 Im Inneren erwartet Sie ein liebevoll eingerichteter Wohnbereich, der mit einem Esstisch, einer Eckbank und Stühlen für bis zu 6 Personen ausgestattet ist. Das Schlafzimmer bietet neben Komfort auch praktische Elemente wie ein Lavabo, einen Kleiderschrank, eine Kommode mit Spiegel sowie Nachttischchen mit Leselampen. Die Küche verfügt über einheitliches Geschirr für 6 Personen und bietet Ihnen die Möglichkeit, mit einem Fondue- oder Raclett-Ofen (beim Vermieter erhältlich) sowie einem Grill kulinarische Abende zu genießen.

_ _ _ _ _ _ _

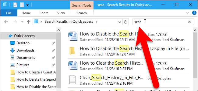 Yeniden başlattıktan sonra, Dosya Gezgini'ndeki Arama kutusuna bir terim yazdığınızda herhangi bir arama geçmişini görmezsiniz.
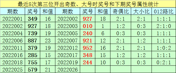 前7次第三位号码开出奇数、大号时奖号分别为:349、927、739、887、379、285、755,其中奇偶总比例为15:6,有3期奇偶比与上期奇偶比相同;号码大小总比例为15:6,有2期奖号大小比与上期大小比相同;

_ _ _ _ _ _ _

## [Task goal]
Output exactly the lines above, beginning at the one with "Yeniden başlattıktan sonra, Dosya" and stopping after the one with "前7次第三位号码开出奇数、大". Pictures are to be omitted.

## [Output]
 Yeniden başlattıktan sonra, Dosya Gezgini'ndeki Arama kutusuna bir terim yazdığınızda herhangi bir arama geçmişini görmezsiniz.
 前7次第三位号码开出奇数、大号时奖号分别为:349、927、739、887、379、285、755,其中奇偶总比例为15:6,有3期奇偶比与上期奇偶比相同;号码大小总比例为15:6,有2期奖号大小比与上期大小比相同;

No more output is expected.